**What this task involves**
What is needed is an exact copy of every entry below, with the pictures left out.

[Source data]
== Segment start ==

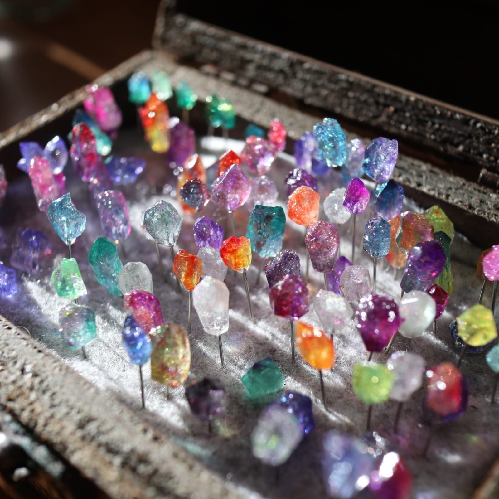 立体の鉱石型まち針を山ほど作って、宝箱にずらりと並べて売ってるのは、わたしくらいかな……
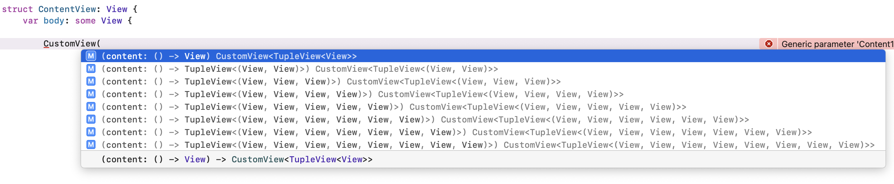 @ViewBuilder content: @escaping () -> Content) where Content == TupleView<(Content1)>对于单个视图,因为它尝试ConcreteView == TupleView<(ConcreteView)>,这是不可能的。
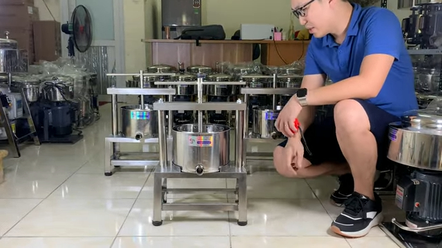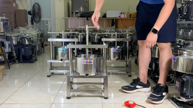 Về kích thước, máy có chiều ngang khoảng 35cm, chiều sâu khoảng 30cm và chiều cao khoảng 40cm đến 50cm nếu tính cả tay quay. Trọng lượng máy khoảng 7kg nên người dùng có thể dễ dàng di chuyển hoặc đặt máy ở nhiều vị trí khác nhau trong khu vực chế biến.
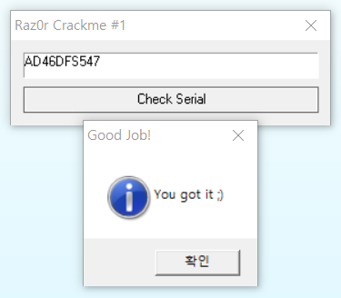 파일을 실행시켜 보니, 아래와 같이 시리얼을 입력받도록 되어있다.
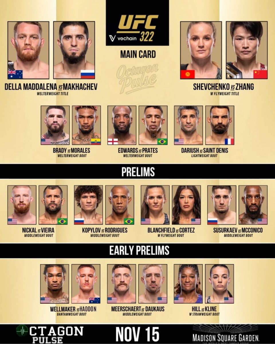以下为 UFC 322 完整对阵名单。
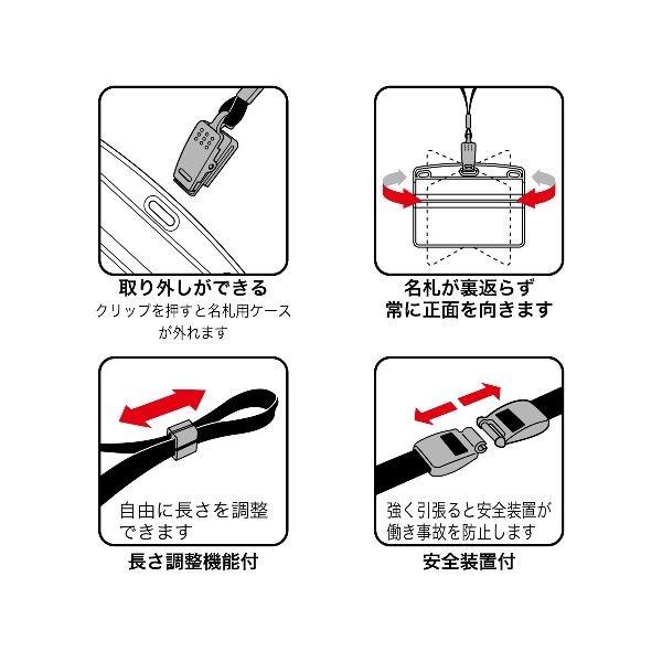 ●吊り下げ名札のスタンダードです。名札用ケースはチャック式で水やホコリが入りにくい。●安全装置、長さ調整付●入数:10枚●ひも:再生PET/ケース:再生ポリオレフィン●ひも:長さ約90cm/幅約10mm●中紙サイズ:W90XH55mm
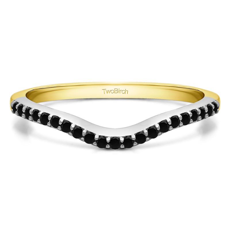 This curved wedding ring features 21 round, prong set stones with 0.16 carats in total. The ring is 2 millimeters wide and weighs approximately 2.72 grams. This contour band is made to fit a round solitaire from 0.25 carats up to 0.5 carats, a marquise solitaire from 0.25 carats up to 1 carats, or a princess cut solitaire from 0.25 carats up to 0.75 carats. Curved rings are perfect for most style engagement rings. If you are unsure what will fit with your engagement ring, please add Virtual Fit onto your order so we can email you images of our ring with yours for approval before shipping.
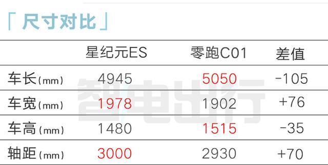 星纪元ES增程的车宽和轴距比零跑C01更大。车内将搭载纯电版同款8.2英寸全液晶仪表+15.6英寸2.5K中控屏、麂皮顶棚、W-HUD、手机无线双充等。
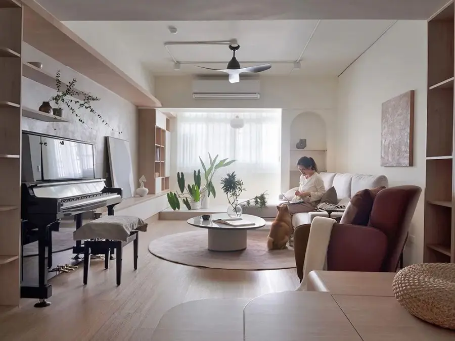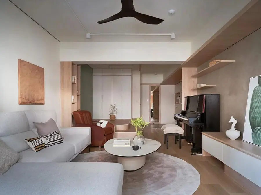 以木纹装饰横梁,贯穿整个客厅,营造出温暖稳重的氛围。天花板没做吊顶,一扇三叶吊扇,带来悠闲的气息。
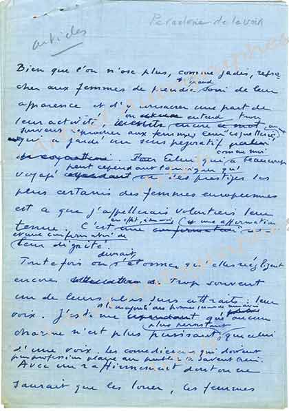 Manuscrit autographe signéManuscrit autographe. [Vers 1948-1953] ; 5 pages in-8°. « Bien que l’on n’ose plus, comme jadis, reprocher aux femmes de prendre grand soin de leur apparence et d’y consacrer une part de leur activité, on entend souvent reprocher...
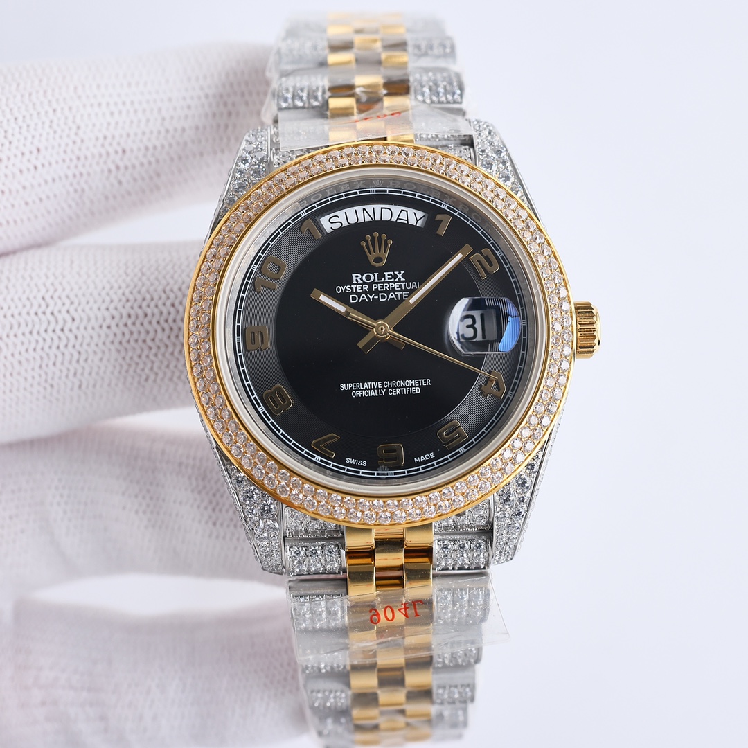Rolex Day-Date Full Diamond 40mm Luxury Black Dial
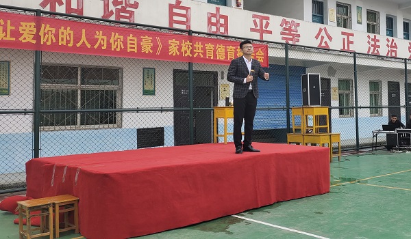 2021年4月27日,固镇县濠城初级中学邀请到善朝教育集团丁书承老师,为全校师生及家长做主题为“让爱你的人为你自豪”家校共育德育报告会。
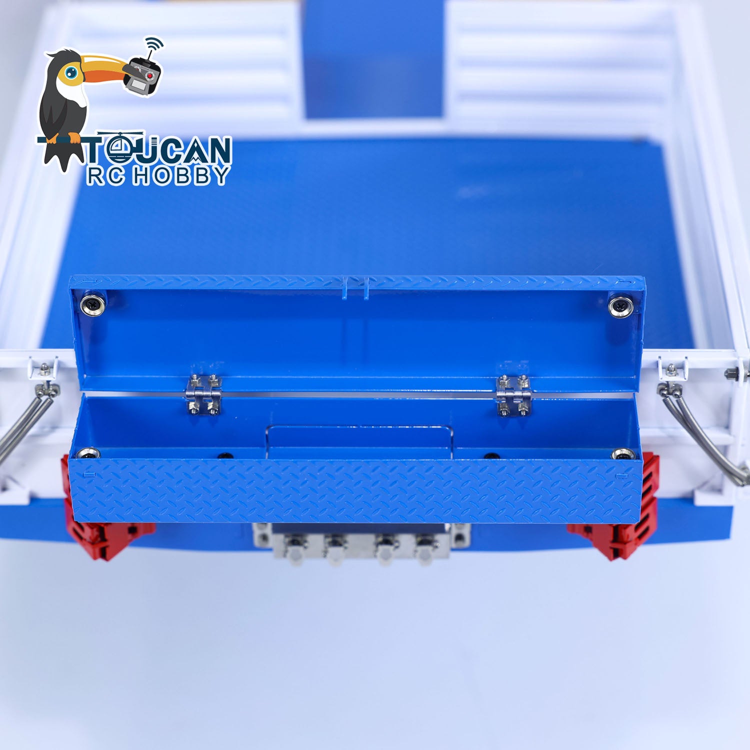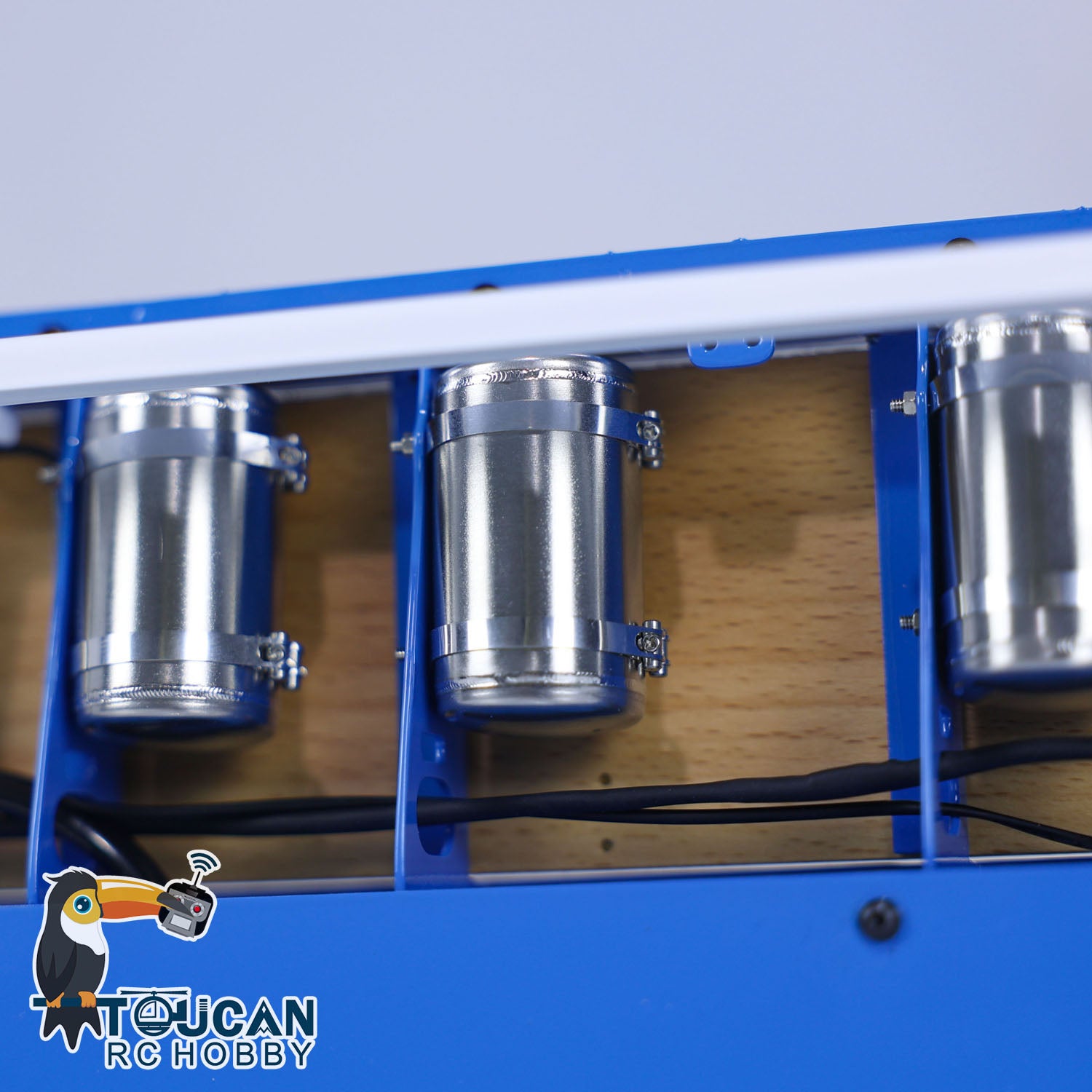 6. Détails et décorations réalistes : des deux côtés de la remorque, il y a des boîtes à outils simulées, des rails latéraux en acier inoxydable et des décorations de cylindres en métal, ajoutant une touche de sophistication et d'attention aux détails.
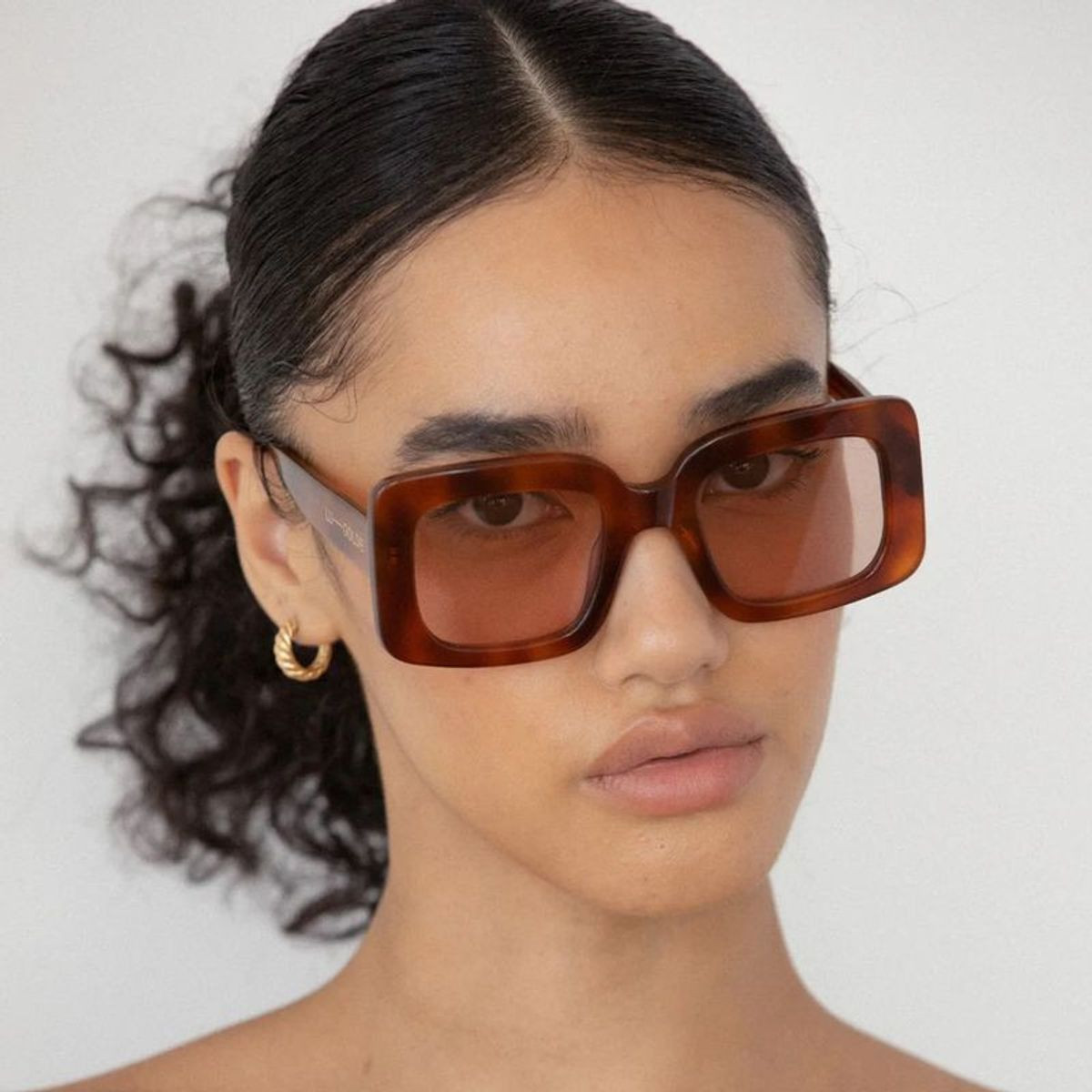 The Lu Goldie Mia sunglasses are a bold square frame that offers a 70's inspired look with its thick frame and temples. This style features the Lu Goldie signature on the side of the temples in beautiful gold foil that can't be missed. If you're looking for an escape route, these sunglasses will do the job for you with their oversized fit.

== Segment end ==

**Exercise result**
 立体の鉱石型まち針を山ほど作って、宝箱にずらりと並べて売ってるのは、わたしくらいかな……
 @ViewBuilder content: @escaping () -> Content) where Content == TupleView<(Content1)>对于单个视图,因为它尝试ConcreteView == TupleView<(ConcreteView)>,这是不可能的。
 Về kích thước, máy có chiều ngang khoảng 35cm, chiều sâu khoảng 30cm và chiều cao khoảng 40cm đến 50cm nếu tính cả tay quay. Trọng lượng máy khoảng 7kg nên người dùng có thể dễ dàng di chuyển hoặc đặt máy ở nhiều vị trí khác nhau trong khu vực chế biến.
 파일을 실행시켜 보니, 아래와 같이 시리얼을 입력받도록 되어있다.
以下为 UFC 322 完整对阵名单。
 ●吊り下げ名札のスタンダードです。名札用ケースはチャック式で水やホコリが入りにくい。●安全装置、長さ調整付●入数:10枚●ひも:再生PET/ケース:再生ポリオレフィン●ひも:長さ約90cm/幅約10mm●中紙サイズ:W90XH55mm
 This curved wedding ring features 21 round, prong set stones with 0.16 carats in total. The ring is 2 millimeters wide and weighs approximately 2.72 grams. This contour band is made to fit a round solitaire from 0.25 carats up to 0.5 carats, a marquise solitaire from 0.25 carats up to 1 carats, or a princess cut solitaire from 0.25 carats up to 0.75 carats. Curved rings are perfect for most style engagement rings. If you are unsure what will fit with your engagement ring, please add Virtual Fit onto your order so we can email you images of our ring with yours for approval before shipping.
 星纪元ES增程的车宽和轴距比零跑C01更大。车内将搭载纯电版同款8.2英寸全液晶仪表+15.6英寸2.5K中控屏、麂皮顶棚、W-HUD、手机无线双充等。
 以木纹装饰横梁,贯穿整个客厅,营造出温暖稳重的氛围。天花板没做吊顶,一扇三叶吊扇,带来悠闲的气息。
 Manuscrit autographe signéManuscrit autographe. [Vers 1948-1953] ; 5 pages in-8°. « Bien que l’on n’ose plus, comme jadis, reprocher aux femmes de prendre grand soin de leur apparence et d’y consacrer une part de leur activité, on entend souvent reprocher...
Rolex Day-Date Full Diamond 40mm Luxury Black Dial
 2021年4月27日,固镇县濠城初级中学邀请到善朝教育集团丁书承老师,为全校师生及家长做主题为“让爱你的人为你自豪”家校共育德育报告会。
 6. Détails et décorations réalistes : des deux côtés de la remorque, il y a des boîtes à outils simulées, des rails latéraux en acier inoxydable et des décorations de cylindres en métal, ajoutant une touche de sophistication et d'attention aux détails.
 The Lu Goldie Mia sunglasses are a bold square frame that offers a 70's inspired look with its thick frame and temples. This style features the Lu Goldie signature on the side of the temples in beautiful gold foil that can't be missed. If you're looking for an escape route, these sunglasses will do the job for you with their oversized fit.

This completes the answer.